Yes. Relevant outbound links within the article body are permitted. Links must be topically relevant to US salary, payroll, tax, or personal finance — the same subject matter this site covers. Unrelated links, links to off-topic pages, or links that appear purely promotional are removed before publication. We also accept link insertion requests for already-published articles on this site — contact us with the URL and the link you would like inserted for consideration.

Can I republish my article elsewhere after it is published here?

No. We publish original content only. Articles submitted to us must not have been published elsewhere. After publication on this site, the article should not be republished elsewhere in identical or near-identical form — doing so creates duplicate content issues that harm both sites' search rankings.

Do you accept link insertion requests for existing articles?

Yes. If you would like a link inserted into an already-published article on this site, contact us with the specific page URL, the anchor text, and the destination URL. We review all insertion requests against our editorial standards — the linked page must be relevant to the topic of the article it appears in. Contact us through the enquiry form to submit a link insertion request.

How long does the review process take?

Pitch decisions: within 5 business days. Draft review: within 7 business days of submission. Publication after approval: within 10 business days. Total from pitch to live URL is typically 3–4 weeks for articles that require minimal revision.

Can I update my article after it is published?

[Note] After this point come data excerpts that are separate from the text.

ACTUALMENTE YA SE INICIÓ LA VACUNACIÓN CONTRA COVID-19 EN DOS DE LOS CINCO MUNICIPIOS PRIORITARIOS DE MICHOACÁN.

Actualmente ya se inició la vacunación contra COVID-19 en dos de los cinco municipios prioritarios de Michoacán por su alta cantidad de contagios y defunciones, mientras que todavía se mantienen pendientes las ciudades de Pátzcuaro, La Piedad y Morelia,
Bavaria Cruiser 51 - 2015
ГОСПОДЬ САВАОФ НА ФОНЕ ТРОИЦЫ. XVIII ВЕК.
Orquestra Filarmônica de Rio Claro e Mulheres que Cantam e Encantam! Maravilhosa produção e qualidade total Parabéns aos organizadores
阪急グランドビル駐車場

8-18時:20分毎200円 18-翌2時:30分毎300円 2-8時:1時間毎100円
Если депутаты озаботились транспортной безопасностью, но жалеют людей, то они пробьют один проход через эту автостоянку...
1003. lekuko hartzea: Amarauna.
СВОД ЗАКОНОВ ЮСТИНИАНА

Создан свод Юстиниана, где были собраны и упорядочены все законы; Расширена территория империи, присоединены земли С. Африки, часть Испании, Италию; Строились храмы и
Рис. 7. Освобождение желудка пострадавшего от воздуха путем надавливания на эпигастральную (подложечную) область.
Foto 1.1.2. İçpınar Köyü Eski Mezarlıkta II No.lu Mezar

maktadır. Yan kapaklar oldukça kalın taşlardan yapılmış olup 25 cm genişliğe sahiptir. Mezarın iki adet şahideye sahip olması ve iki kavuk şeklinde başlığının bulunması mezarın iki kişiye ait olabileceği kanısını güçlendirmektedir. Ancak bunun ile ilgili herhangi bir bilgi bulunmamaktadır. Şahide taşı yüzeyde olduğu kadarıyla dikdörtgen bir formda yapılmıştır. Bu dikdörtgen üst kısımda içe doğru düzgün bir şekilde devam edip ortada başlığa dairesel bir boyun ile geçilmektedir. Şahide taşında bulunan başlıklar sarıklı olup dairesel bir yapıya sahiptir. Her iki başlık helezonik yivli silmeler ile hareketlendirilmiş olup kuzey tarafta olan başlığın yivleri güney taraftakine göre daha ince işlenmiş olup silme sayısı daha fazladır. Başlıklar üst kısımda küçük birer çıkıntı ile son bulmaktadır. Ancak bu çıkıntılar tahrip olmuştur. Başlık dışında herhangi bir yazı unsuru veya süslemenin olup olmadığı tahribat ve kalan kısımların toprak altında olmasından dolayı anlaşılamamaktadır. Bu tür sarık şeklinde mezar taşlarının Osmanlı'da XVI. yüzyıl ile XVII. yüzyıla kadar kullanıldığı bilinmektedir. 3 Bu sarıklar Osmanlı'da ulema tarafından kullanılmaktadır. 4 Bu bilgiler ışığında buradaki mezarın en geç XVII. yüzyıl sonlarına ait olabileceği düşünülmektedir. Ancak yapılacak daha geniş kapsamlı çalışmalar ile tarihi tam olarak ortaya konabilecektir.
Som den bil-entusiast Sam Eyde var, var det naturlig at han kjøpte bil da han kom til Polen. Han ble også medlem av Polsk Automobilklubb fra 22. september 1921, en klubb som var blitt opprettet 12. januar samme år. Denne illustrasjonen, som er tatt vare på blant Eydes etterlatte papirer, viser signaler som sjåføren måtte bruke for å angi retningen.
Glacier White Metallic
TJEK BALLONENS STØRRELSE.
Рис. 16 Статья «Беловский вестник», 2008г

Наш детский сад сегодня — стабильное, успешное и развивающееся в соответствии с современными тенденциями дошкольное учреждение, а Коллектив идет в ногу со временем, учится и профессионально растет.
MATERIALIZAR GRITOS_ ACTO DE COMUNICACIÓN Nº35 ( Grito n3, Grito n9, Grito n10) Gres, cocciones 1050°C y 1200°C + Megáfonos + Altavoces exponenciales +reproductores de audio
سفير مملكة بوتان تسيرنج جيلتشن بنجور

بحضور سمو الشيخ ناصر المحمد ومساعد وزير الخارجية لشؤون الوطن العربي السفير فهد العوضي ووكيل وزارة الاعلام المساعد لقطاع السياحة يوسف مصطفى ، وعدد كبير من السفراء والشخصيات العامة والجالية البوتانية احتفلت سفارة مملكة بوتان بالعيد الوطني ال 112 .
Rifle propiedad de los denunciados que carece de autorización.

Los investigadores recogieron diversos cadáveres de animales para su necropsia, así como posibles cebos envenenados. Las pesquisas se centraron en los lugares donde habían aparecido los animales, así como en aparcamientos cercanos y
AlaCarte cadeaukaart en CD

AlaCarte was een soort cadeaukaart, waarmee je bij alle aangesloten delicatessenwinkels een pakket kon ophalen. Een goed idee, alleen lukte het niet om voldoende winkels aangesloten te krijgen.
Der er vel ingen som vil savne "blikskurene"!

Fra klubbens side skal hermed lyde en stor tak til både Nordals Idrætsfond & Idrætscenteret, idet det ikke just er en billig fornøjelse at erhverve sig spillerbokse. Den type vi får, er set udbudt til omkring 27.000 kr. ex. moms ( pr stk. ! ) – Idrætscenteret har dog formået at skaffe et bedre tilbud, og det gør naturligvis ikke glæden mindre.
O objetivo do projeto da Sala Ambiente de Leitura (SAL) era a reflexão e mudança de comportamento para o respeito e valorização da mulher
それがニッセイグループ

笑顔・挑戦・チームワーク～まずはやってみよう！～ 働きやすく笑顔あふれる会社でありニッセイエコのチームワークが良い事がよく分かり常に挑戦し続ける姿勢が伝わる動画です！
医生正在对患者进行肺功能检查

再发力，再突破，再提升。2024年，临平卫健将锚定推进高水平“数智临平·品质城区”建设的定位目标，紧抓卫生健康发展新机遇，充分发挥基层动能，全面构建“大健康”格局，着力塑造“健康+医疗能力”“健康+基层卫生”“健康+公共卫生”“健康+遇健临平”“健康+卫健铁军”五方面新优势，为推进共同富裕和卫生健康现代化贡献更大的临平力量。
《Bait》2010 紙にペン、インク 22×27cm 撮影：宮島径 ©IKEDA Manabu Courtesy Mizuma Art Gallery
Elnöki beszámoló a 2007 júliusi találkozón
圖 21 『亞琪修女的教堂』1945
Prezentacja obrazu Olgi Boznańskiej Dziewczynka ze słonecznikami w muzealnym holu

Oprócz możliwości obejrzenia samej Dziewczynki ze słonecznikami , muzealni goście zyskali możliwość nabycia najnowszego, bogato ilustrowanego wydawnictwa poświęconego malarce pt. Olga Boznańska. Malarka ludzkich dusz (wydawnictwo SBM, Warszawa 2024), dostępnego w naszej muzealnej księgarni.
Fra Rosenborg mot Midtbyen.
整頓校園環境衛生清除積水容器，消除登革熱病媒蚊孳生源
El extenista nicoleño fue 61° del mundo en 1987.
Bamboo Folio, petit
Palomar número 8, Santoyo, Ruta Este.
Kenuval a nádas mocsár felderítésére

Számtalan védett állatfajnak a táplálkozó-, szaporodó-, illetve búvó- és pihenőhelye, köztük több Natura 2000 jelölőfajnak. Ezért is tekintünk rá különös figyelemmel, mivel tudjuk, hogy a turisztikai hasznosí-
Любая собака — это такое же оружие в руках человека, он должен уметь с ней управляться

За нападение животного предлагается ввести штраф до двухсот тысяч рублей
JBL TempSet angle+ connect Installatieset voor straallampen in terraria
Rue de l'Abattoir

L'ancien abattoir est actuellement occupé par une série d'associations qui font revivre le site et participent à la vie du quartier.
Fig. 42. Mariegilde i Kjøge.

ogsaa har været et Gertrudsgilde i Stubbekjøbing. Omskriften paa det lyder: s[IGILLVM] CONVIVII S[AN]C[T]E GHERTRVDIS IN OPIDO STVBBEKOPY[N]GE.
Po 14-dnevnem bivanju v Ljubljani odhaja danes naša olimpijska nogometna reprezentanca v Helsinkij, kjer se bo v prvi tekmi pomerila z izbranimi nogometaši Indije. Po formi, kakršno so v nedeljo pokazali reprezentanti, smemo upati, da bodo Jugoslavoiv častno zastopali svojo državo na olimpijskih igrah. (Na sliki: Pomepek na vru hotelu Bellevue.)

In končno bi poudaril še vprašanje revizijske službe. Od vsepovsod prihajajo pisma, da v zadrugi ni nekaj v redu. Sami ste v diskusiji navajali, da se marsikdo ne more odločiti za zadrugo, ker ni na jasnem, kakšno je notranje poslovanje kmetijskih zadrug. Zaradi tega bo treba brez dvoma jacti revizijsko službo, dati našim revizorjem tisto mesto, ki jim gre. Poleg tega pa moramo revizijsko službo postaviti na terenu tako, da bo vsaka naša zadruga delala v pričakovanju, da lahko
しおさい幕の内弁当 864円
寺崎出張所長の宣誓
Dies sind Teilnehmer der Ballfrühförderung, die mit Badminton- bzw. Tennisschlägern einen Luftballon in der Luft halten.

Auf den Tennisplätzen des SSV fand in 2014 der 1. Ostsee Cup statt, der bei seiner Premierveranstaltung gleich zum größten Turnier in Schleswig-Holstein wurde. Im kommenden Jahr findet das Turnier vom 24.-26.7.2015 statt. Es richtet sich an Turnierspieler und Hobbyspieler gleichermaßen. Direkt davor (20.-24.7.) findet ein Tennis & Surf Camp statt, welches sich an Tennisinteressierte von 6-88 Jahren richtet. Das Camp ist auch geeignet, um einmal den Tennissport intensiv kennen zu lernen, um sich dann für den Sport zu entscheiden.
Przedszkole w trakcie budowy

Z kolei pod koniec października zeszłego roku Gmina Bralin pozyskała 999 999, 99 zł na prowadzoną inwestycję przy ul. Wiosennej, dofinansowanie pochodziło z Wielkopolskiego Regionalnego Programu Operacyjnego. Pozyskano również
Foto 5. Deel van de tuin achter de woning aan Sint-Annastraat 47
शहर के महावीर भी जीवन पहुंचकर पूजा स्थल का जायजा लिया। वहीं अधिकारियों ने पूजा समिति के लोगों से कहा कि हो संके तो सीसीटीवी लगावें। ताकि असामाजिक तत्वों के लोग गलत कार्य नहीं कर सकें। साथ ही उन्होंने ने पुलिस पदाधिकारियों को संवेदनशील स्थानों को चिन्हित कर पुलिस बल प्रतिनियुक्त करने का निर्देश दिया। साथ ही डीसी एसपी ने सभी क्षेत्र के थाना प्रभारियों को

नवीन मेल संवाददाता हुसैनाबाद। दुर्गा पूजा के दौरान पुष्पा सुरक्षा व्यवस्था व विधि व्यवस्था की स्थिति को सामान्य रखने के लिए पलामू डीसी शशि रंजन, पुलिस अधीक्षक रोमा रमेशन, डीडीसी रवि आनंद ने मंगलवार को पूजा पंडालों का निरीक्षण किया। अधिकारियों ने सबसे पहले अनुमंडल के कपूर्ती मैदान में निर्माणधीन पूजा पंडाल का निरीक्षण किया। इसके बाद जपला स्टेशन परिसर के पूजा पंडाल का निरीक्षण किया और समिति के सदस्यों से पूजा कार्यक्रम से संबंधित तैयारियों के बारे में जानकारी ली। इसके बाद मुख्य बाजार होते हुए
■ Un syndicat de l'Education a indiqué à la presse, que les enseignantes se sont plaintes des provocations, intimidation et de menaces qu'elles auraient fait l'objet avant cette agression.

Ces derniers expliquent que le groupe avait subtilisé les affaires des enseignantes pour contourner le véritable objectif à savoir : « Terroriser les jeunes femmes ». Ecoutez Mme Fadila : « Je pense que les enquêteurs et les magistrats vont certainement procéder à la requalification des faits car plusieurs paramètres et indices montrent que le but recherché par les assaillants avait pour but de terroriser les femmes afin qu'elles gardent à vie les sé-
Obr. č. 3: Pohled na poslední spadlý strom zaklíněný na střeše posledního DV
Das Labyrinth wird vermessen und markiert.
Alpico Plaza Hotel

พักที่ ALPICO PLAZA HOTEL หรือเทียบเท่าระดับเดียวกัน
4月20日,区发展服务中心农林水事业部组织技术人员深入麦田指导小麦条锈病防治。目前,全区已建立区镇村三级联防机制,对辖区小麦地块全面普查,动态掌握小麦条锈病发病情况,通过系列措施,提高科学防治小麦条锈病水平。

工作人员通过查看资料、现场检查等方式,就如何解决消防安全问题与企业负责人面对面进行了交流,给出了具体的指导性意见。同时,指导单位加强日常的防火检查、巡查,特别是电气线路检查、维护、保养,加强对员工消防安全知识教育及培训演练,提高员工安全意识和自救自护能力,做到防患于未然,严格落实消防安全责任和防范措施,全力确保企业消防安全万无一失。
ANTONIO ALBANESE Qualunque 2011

Yes — and we encourage it. If IRS or SSA publishes new rates that affect your article, email us and we will update the figures. The "last updated" date will be moved forward. This keeps the article accurate and benefits both the site and your byline.

What if my pitch is declined?

We decline pitches when the topic is already covered on this site, the topic is outside our scope, or the pitch does not demonstrate sufficient subject-matter expertise. We respond briefly with the reason. You are welcome to pitch a different topic at any time.